### What you should do
Copy only what lies from the line containing "为引导青年学子深刻把握社会主" through the line containing "수입차 판매가 전년 동기보다" in the entries below, keeping both end lines exact and dropping every picture.
[Opening Supplied data section]
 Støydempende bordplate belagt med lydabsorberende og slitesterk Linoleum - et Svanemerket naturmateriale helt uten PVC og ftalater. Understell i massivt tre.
[Closing Supplied data section]
[Opening Supplied data section]
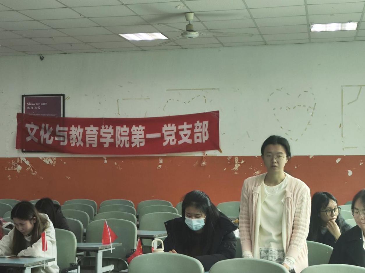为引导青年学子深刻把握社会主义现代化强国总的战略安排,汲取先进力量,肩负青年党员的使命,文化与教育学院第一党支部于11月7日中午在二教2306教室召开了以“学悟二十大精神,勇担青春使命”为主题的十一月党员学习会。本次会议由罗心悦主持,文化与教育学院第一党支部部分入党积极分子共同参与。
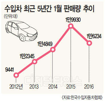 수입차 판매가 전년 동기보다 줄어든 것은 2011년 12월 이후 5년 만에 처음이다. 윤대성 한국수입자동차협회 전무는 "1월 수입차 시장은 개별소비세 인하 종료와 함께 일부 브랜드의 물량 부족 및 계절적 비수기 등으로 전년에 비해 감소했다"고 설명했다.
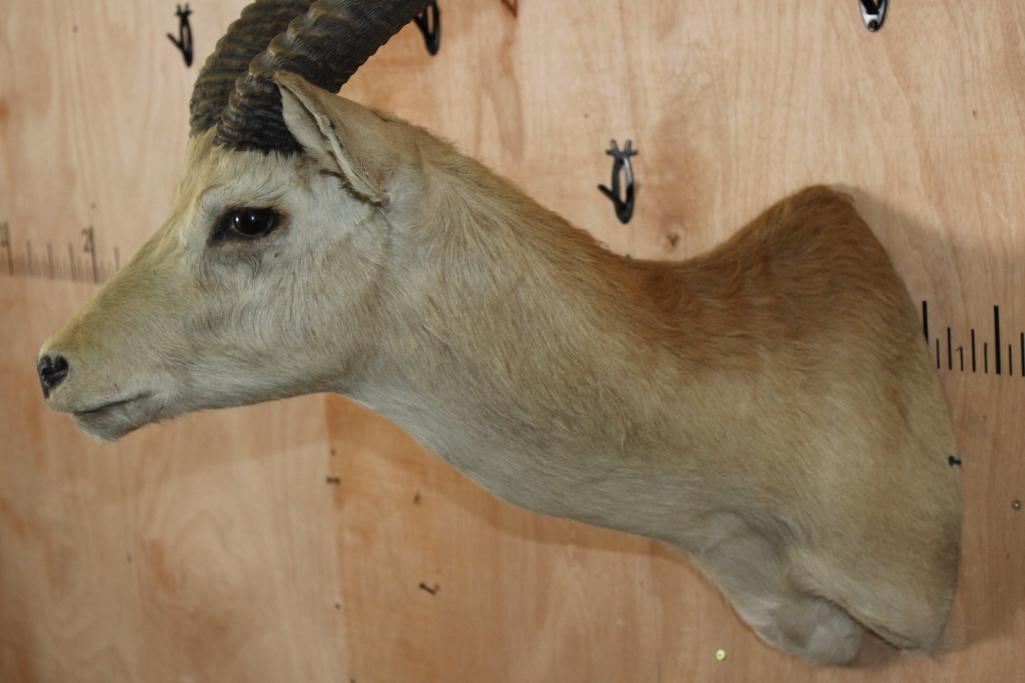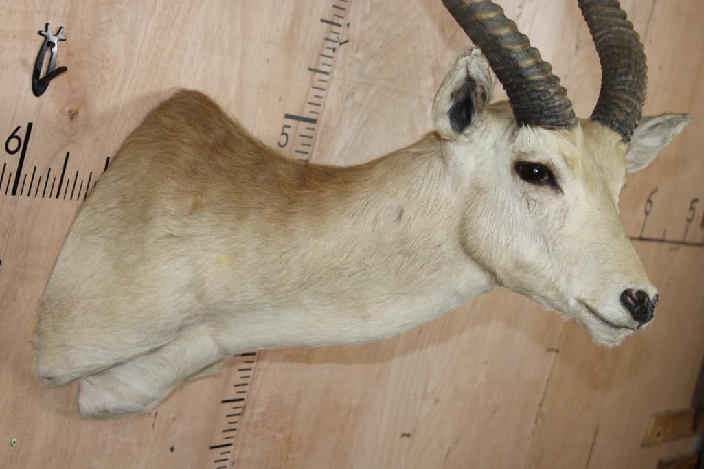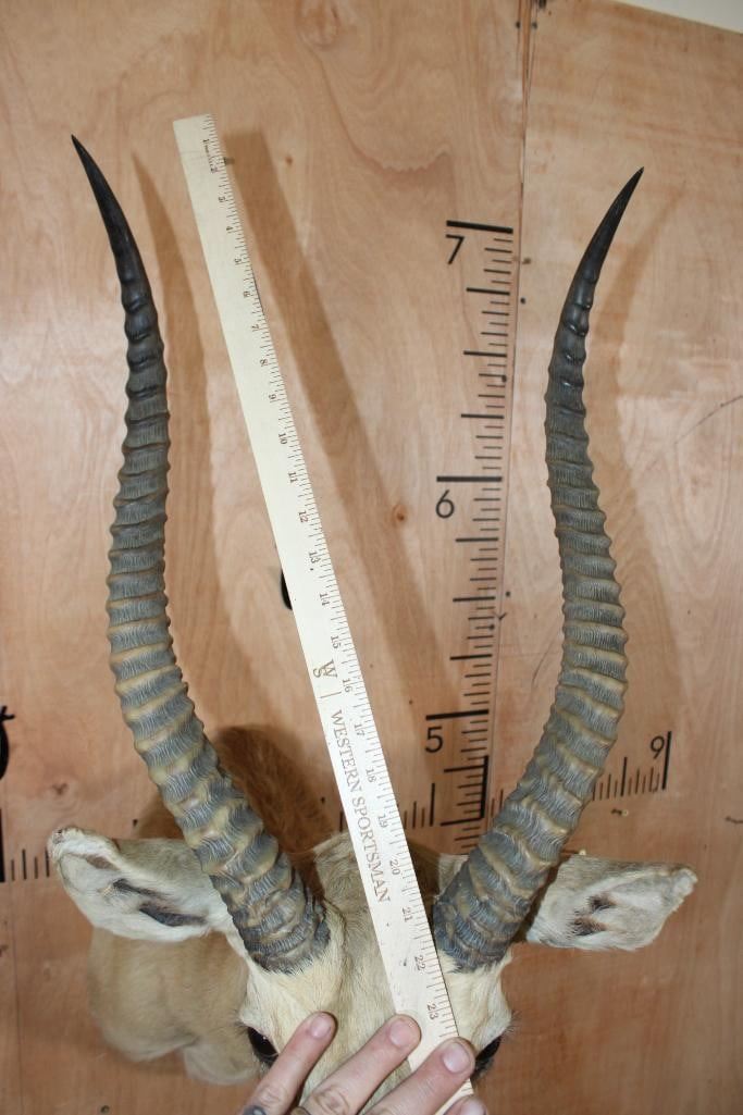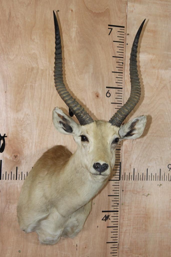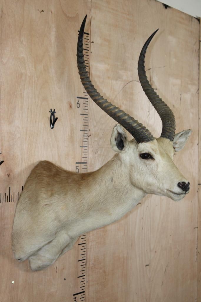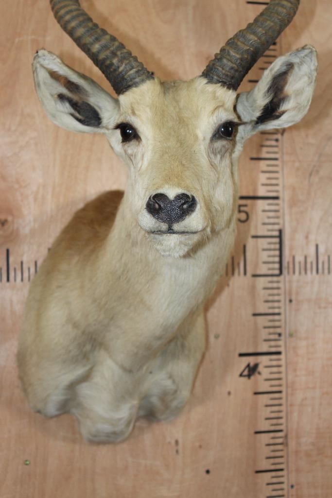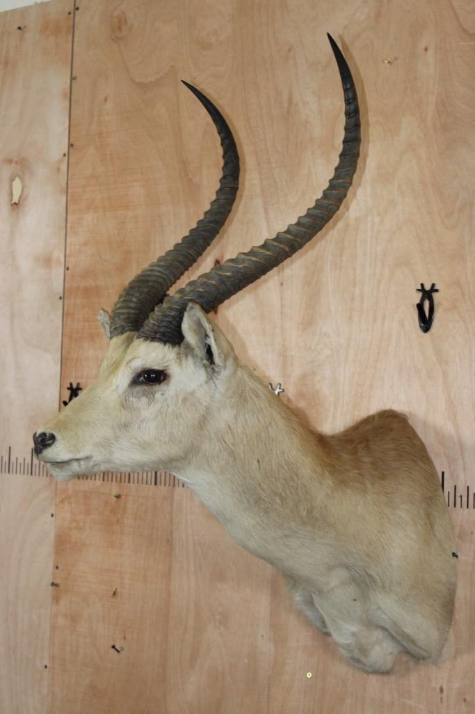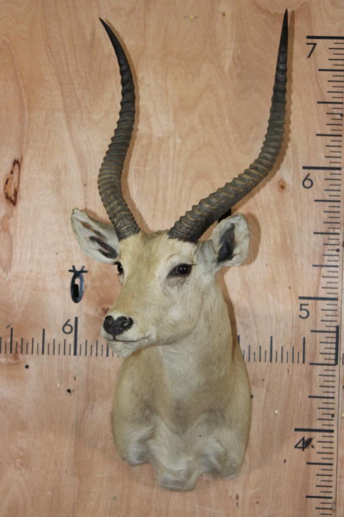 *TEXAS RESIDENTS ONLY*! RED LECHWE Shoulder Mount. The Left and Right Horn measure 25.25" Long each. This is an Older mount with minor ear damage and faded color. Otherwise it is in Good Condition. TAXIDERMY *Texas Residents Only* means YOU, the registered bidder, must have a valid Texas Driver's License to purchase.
[Closing Supplied data section]
[Opening Supplied data section]
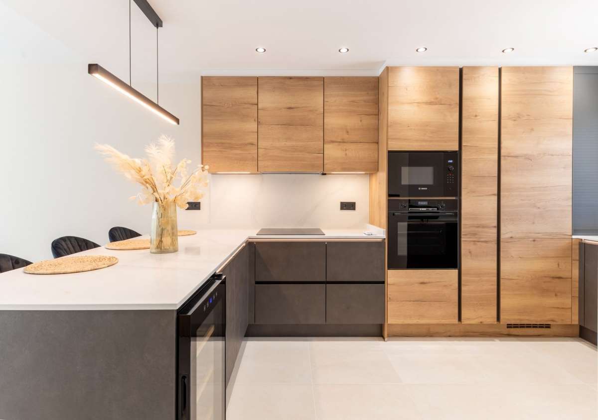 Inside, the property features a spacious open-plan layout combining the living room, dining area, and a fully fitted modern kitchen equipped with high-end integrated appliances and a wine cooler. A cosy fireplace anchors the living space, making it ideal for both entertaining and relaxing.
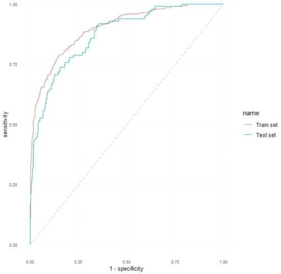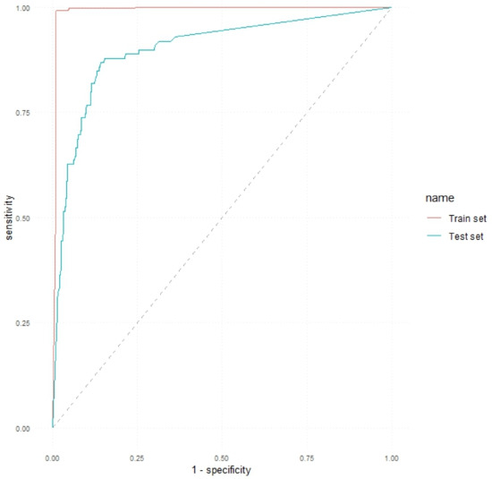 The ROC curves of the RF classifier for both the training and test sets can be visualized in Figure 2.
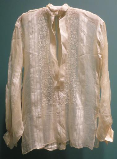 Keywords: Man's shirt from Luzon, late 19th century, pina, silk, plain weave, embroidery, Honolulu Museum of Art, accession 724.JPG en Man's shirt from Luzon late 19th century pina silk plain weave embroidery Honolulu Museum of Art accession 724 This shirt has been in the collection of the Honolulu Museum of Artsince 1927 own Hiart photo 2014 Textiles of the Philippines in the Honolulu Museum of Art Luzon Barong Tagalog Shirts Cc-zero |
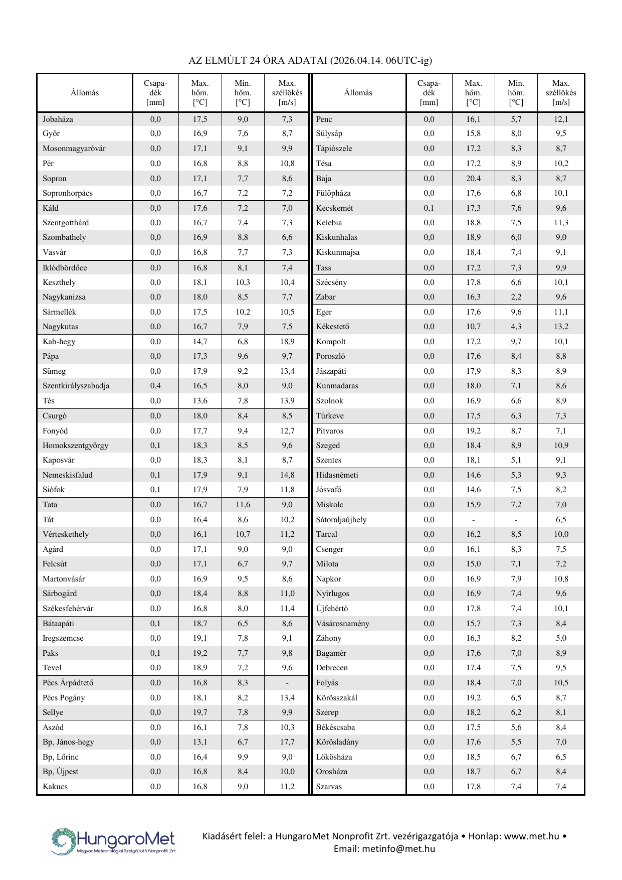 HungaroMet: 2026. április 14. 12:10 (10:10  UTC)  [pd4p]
[Closing Supplied data section]
### Task answer
为引导青年学子深刻把握社会主义现代化强国总的战略安排,汲取先进力量,肩负青年党员的使命,文化与教育学院第一党支部于11月7日中午在二教2306教室召开了以“学悟二十大精神,勇担青春使命”为主题的十一月党员学习会。本次会议由罗心悦主持,文化与教育学院第一党支部部分入党积极分子共同参与。
 수입차 판매가 전년 동기보다 줄어든 것은 2011년 12월 이후 5년 만에 처음이다. 윤대성 한국수입자동차협회 전무는 "1월 수입차 시장은 개별소비세 인하 종료와 함께 일부 브랜드의 물량 부족 및 계절적 비수기 등으로 전년에 비해 감소했다"고 설명했다.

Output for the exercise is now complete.